Carter, who performatively carried his own luggage as president, tried to present himself as humble. But somebody actually humble would have taken the hint by the magnitude of his defeat. The real Jimmy Carter was stubborn and arrogant. He had plans for a second term, and he wanted to see them through despite the overwhelming rejection by the American people. So instead of stepping away, he spent the rest of his life simply pretending that he was still president and pursuing foreign policy goals even when it meant undermining the actual president.
The two most egregious examples of this came in his efforts to stop the first Iraq War and his freelance nuclear diplomacy with North Korea.
In his mostly sycophantic 1998 book on Carter’s post–White House career, The Unfinished Presidency, Douglas Brinkley gave a startling account of Carter’s behavior in the run-up to the 1990–91 Persian Gulf conflict.
Concerned by the looming threat of war after Saddam Hussein’s invasion of Kuwait, Carter pulled out all the stops — and then some — to try to thwart the president, George H. W. Bush. Carter’s efforts started off within the realm of acceptable opposition for a former president. He wrote op-eds, hosted conferences, gave speeches — all urging peace talks as an alternative to repelling Saddam with the use of military force.

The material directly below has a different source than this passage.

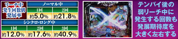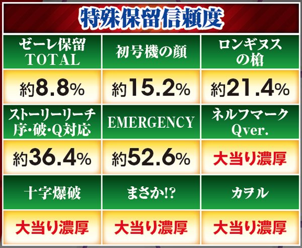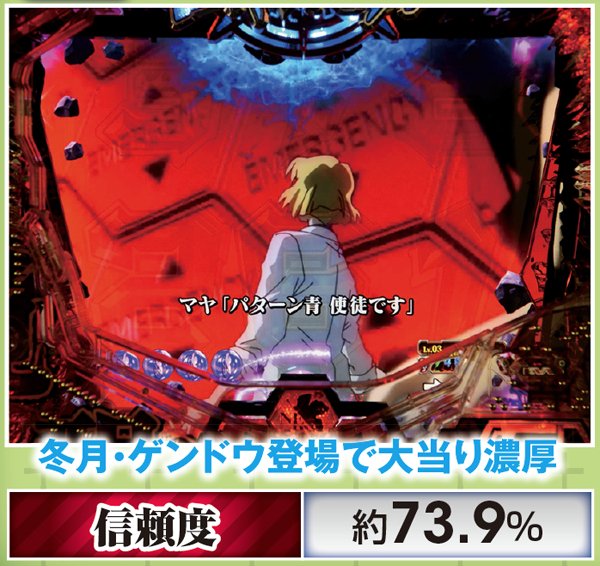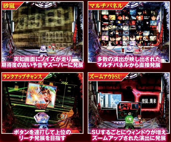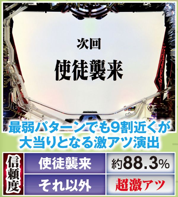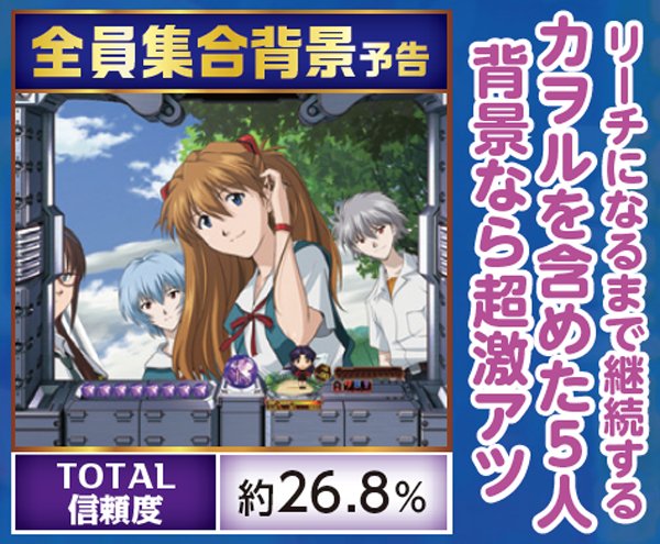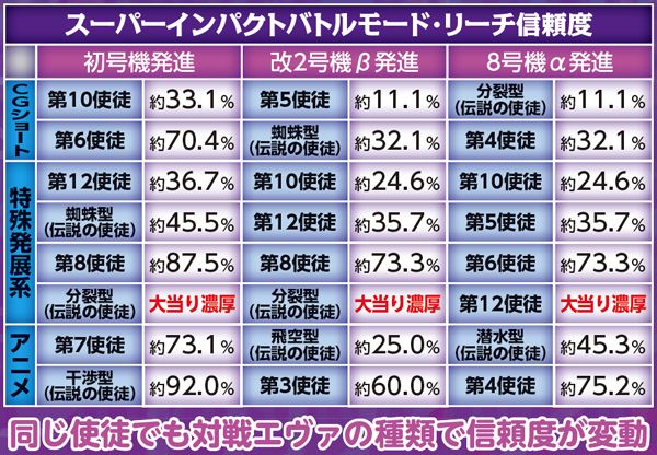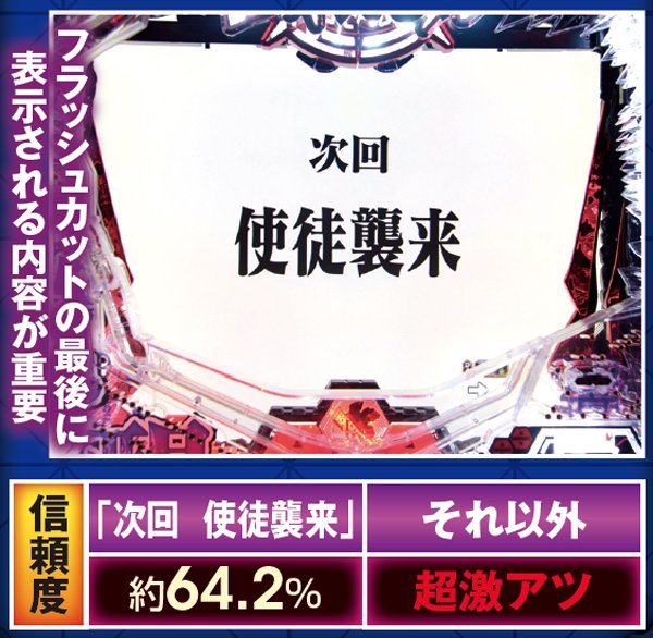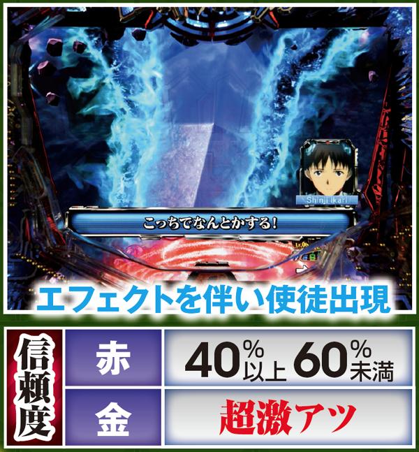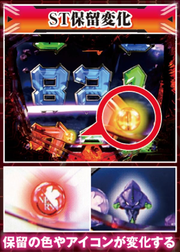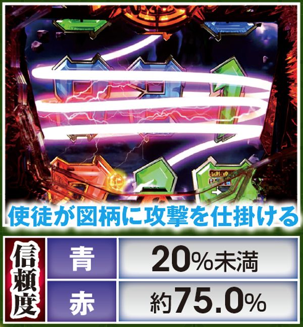 勝敗が決するポイントは多岐に渡り、大当りにもよく絡む本機ST中の主要リーチ。対戦使徒によって勝率が大きく変化する傾向にある。

But when that failed, he took things to an extraordinary level. Carter wrote a letter to the leaders of every country on the U.N. Security Council, as well as a dozen other world leaders, Brinkley recounted, making “a direct appeal to hold ‘good faith’ negotiations with Saddam Hussein before entering upon a war. Carter implied that mature nations should not act like lemmings, blindly following George Bush’s inflammatory ‘line in the sand rhetoric.’”
As if this weren’t enough, on January 10, 1991 — just five days before a deadline that had been set for Saddam to withdraw — Carter wrote to key Arab leaders urging them to abandon their support for the U.S., undermining months of careful diplomacy by the Bush administration. “You may have to forego approval from the White House, but you will find the French, Soviets and others fully supportive,” Carter advised them.
It is one thing for a former president to express opposition to a policy of the sitting president, but by actively working to get foreign leaders to withdraw support for the U.S. days before troops were to be in the cross fire, Carter was taking actions that were closer to treason than they were to legitimate peace activism.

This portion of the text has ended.